Hi,
I only check out the site as often as I check my email. About once a month. I worry each time when it opens slowly or I get a "page cant be displayed" that the site has poofed into the night. Like so many of the users have...
Davd_bob
My BP6 still lives - sort of - it's in bits and pieces. My current main PC is a 2.2GHz Core2Duo O/C to 2.6Ghz. It's running on an Intel DP35DP motherboard, which I really like.
I did not really feel like posting here while my poor BP6 was off duty, replaced by one of those modern, faceless K8-units, dumped in a dark, cold box, where it's only company were the two Celerons...
...but now it is BACK, equipped with 768MB of the finest PC-133 SDRAM, still suffering from some bad caps and a broken coil, but hey, considering its age... and it doesn't show, it works just fine... now in my new HAPC (Home Audio PC), with my trusty old Terratec EWS 64 L soundcard (very good sounding ISA card).

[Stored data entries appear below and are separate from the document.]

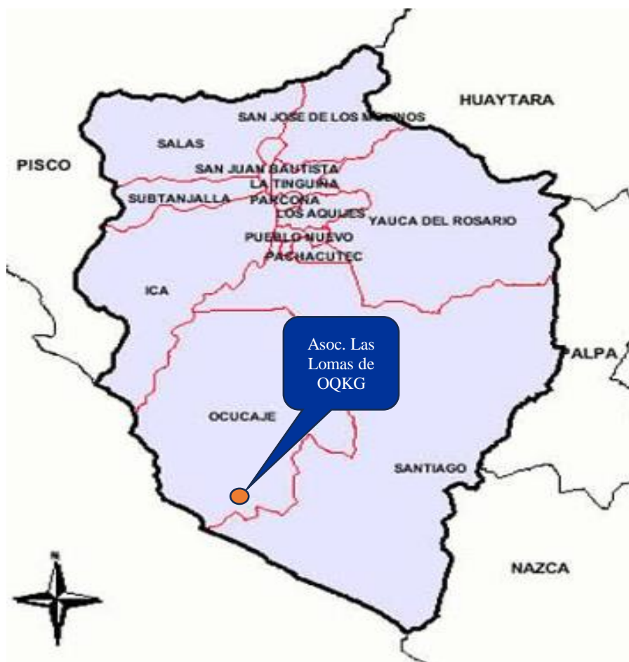
Figura: ubicación del campo experimental

El experimento se realizó en un vivero artesanal de la señora Rosa Salazar ubicado en la Asociación de vivienda “Las Lomas de Ocucaje”, perteneciente al distrito de Ocucaje (zona baja), provincia y departamento de Ica, caracterizada por un clima árido, con temperaturas promedio entre 25 °C y 32 °C, escasa precipitación y alta radiación solar. Las condiciones de riego fueron controladas por sistema de riego manual con frecuencia regular (según necesidad hídrica observada en las plántulas).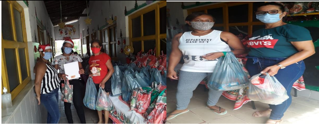
ESCOLA MUNICIPAL JOSÉ FERREIRA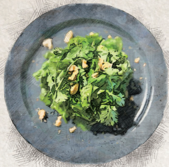
CORIANDER SALAD パクチーサラダ 980yen (税込 1,078yen)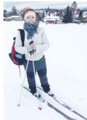
Běžky a turistiku řadí mezi své největší koníčky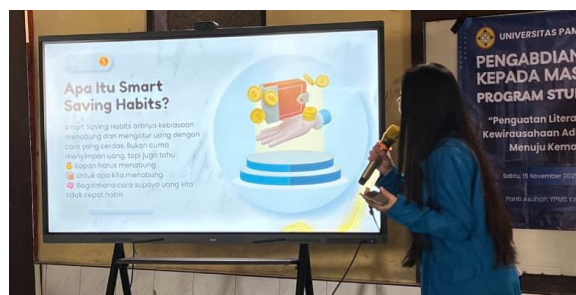
Gambar 2. Edukasi Smart Saving Habits

Kegiatan diawali dengan pemberian edukasi kepada generasi muda Panti Asuhan YPMS mengenai konsep dasar pengelolaan keuangan pribadi. Materi yang disampaikan mencakup pengertian menabung ( saving ), pentingnya pembentukan kebiasaan menabung sejak dini, serta pemahaman mengenai perbedaan antara kebutuhan dan keinginan dalam pengambilan keputusan keuangan. Selain itu, peserta diperkenalkan dengan metode pengelolaan keuangan 50/30/20 sebagai pendekatan sederhana dalam mengalokasikan uang saku. Edukasi disampaikan oleh mahasiswa menggunakan media presentasi ( powerpoint ) yang disusun secara sistematis dan komunikatif. Selama kegiatan berlangsung, penyampaian materi dilakukan secara interaktif dengan melibatkan peserta melalui stimulus pertanyaan terarah yang berkaitan dengan kebutuhan, keinginan, serta pengelolaan uang saku dalam kehidupan sehari-hari.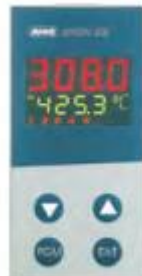
Регулятор dTRON 308H тип 703042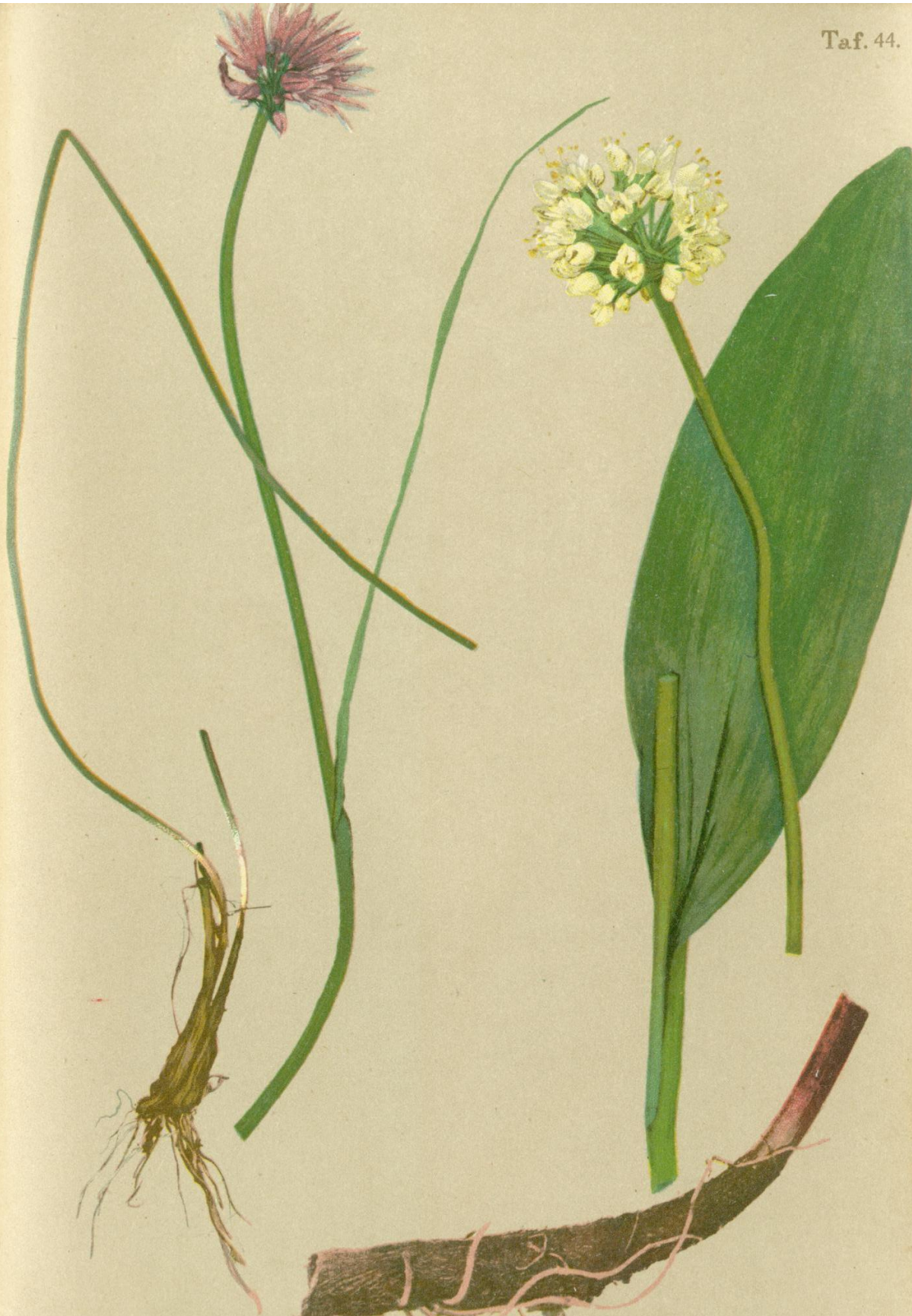
87. Allium sibiricum Willd. Sibirischer Schnittlauch.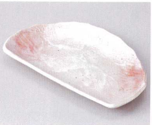
141-402-612 800円 桜志野半月皿 (21×13.2×3) 712240161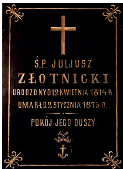
Fot. 4. Tablica epitafijna Juliusza Złotnickiego syna Stefana (1814–1875) w kościele parafialnym w Strońsku

Nowopowstałe miasto Zduńska Wola miało 14 ulic, rynek i plac jarmarczny, zwany potocznie targowiskiem końskim. Teren miasta graniczył od wschodu z wsiami szlacheckimi: Kawęczyn, Krabonów, Osmolin, Swędzieniejowice, od południa z wsiami: Paprotnia i Zduny, od zachodu z wsią rządową Czechy i Tymienicami, od północy z wsiami Stęszyce i Opiesin. Obszar miejski obejmował powierzchnię ok. 6,2 km 2 . Miasto należało do powiatu szadkowskiego, obwodu sieradzkiego, województwa kaliskiego.

Low quality pictures and more useless info to follow!
Good to see everyone here. I remember when I used to spend allot of time here. I still check it out once in awhile. I still have my original BP6's running. One is a file server and one is just an internet machine. I did however pick up another BP6 off of epay for only $19.00 including a couple of very capable 366's Its now happily got a gig nic and is plugged into the network as a Bittorent machine. Works great.....
I see what you mean, although I disagree slightly - the main thing which BeOS had, and I hope Haiku will have, which raised it above the big-hitter desktop OSes, was its low latency with multimedia.
In my work as a sound engineer and music producer, it's a constant struggle to keep latency down. With BeOS, everything was just so responsive from beginning to end, as low latency was a goal of the OS from the outset, unlike with Windows and GNU/Linux.